Workflow automation?


I have to fill parameters manually into my workflow which are mostly file names and sample names. I have to select from about 7 files about 20 times and enter similar but slightly different sample names (e. g. wn0552.A7CE75785, wn0552.A7CE75785_tumor, wn0552.A7CE75785_normal) for another 20 times. As you may guess, it is time consuming, error prone and in general not exactly the kind of work i dreamed of.

But i suspect i can automate this process. If it were linux command line, all i need were echo, cat, ln etc., and some rarely used ascii symbols. However in galaxy i found only cat.

So essentially i want:

  • Tool that receives one file and sends it to the output intact so i could connect its output to all steps using some specific file and set its name only once. In linux it may be cat or cp, but i would prefer ln or even variable definition to save disk space and time.

  • Tool that receives some string and output it intact like echo.

  • Tool that receives two string and concatenates them like echo $a$b . So i could set my sample name to e. g. wn0552.A7CE75785, derive other important strings from it and use these strings in all my steps using “add connection to module”.

  • And also tool that gives the number of processors on current machine to set the number of threads in some tools.

Is this possible in galaxy? Or maybe there is an easier way to automate workflows? Or i have to write wrappers for all these tools myself?

Thanks in advance.

1 Like

Please check out Using Workflow Parameters, I think it covers all of this, minus the last part. If tools can use multiple threads or cores they can consume $GALAXY_SLOTS, which is set as appropriate based on the resources the admin has configured.

1 Like

Thanks Marius! It is exactly what i needed.

Add Compose text parameter value tool to the workflow
Add two more “Components” using the “Insert components” button
Add the Regex Find And Replace

Unfortunately i can not find any of the mentioned entities.

I found “compose_text_param” tool in the toolshed. I think it should be mentioned in the article that this tool is not shipped out of the box and should be installed.

And one more question. I created “input dataset” for the reference genome, but MergeBamAlignment (unlike other tools) does not accept it as input! However it perfectly accepts the genome file from history but i have to do it for three times per run. Is there a way to make MergeBamAlignment accept the output of another step as the reference genome? Or is there another way to define the reference genome (including that for the other tools if possible)?

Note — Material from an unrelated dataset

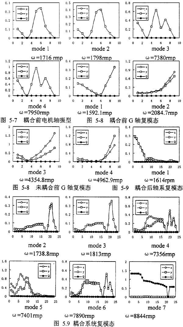 耦合轉(zhuǎn)子系統(tǒng),在上面給定轉(zhuǎn)速范圍內(nèi),共有7階模態(tài)(見圖5.9),比耦合前兩根轉(zhuǎn)子的總模態(tài)數(shù)少1個,耦合系統(tǒng)的模態(tài)可以分為兩類,(1)第一類為單個轉(zhuǎn)子模態(tài)占主要成分,其他轉(zhuǎn)子沒有或僅有很小的模態(tài)成價,圖5.9,mode1、mode2、mode3、mode5這類模態(tài)容易從單根模態(tài)中找到對應(yīng)的原形;(2)第二類為耦合模態(tài),這一類模態(tài)又可以分為二種:一種是耦合彎曲耦合橫態(tài),例如圖5-9mode4、mode6;第二種耦合模態(tài)是扭轉(zhuǎn)耦合模態(tài)如圖5.9mode7,這種模態(tài)是系統(tǒng)中同時有多個轉(zhuǎn)子產(chǎn)生了耦合模態(tài),是耦合派生的,不易從單根模態(tài)中找到對應(yīng)的原形,另外我們從振型圖中沒有發(fā)現(xiàn)彎扭耦合振型出現(xiàn),這各上一章得到的結(jié)果相同,既在對中比較好的系統(tǒng)中,齒輪聯(lián)軸器只可能在高階中出現(xiàn)較小的彎扭耦合模態(tài)。

Hi @wormball – this tool has an option to accept a dataset in fasta format. This can be from an upstream tool or an input dataset.

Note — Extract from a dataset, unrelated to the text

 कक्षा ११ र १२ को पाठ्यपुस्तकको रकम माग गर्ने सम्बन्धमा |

You might need to disconnect all tools, then reconnect them starting from the input through the downstream tools, in the order of processing. I’m guessing that the tool had the setting originally to use a natively indexed genome, then it was changed to use a fasta from the history. Reconnecting the “noodles” resets the workflow’s metadata. If the genome is already an input dataset, you can also connect that input to multiple tools that need to incorporate it.

I undefined the data type of my reference genome input field (it was “fasta”) and it allowed me to connect it to MergeBamAlignment (despite MergeBamAlignment wants fasta as i can see). Thanks!